(Task description): From the line with "내보험 다찾아줌 사이트 이용 - 숨은 보험금 조회하기" to the line with "合肥市市场监督管理局通报2024年消防产品质量市级专项监督抽查结果", output every line below exactly, both ends included. Skip the pictures.

BEGIN Dataset entries

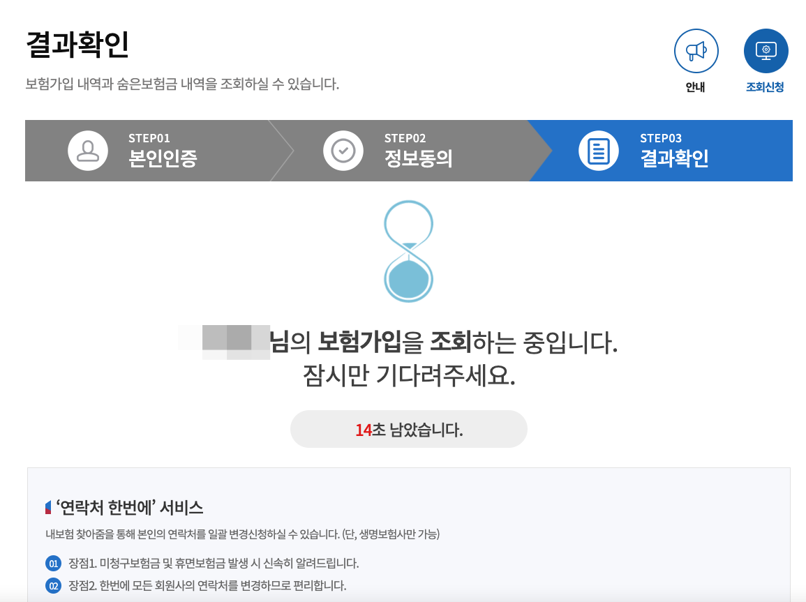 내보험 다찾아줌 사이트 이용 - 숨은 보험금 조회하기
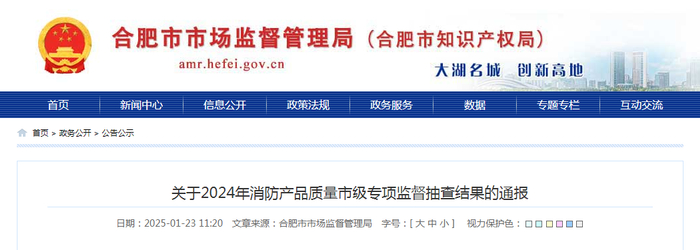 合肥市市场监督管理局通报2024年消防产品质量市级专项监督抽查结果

END Dataset entries
BEGIN Dataset entries

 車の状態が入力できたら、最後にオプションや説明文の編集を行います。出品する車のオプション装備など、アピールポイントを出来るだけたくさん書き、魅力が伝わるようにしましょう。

END Dataset entries

(Solution to the problem):
 내보험 다찾아줌 사이트 이용 - 숨은 보험금 조회하기
 合肥市市场监督管理局通报2024年消防产品质量市级专项监督抽查结果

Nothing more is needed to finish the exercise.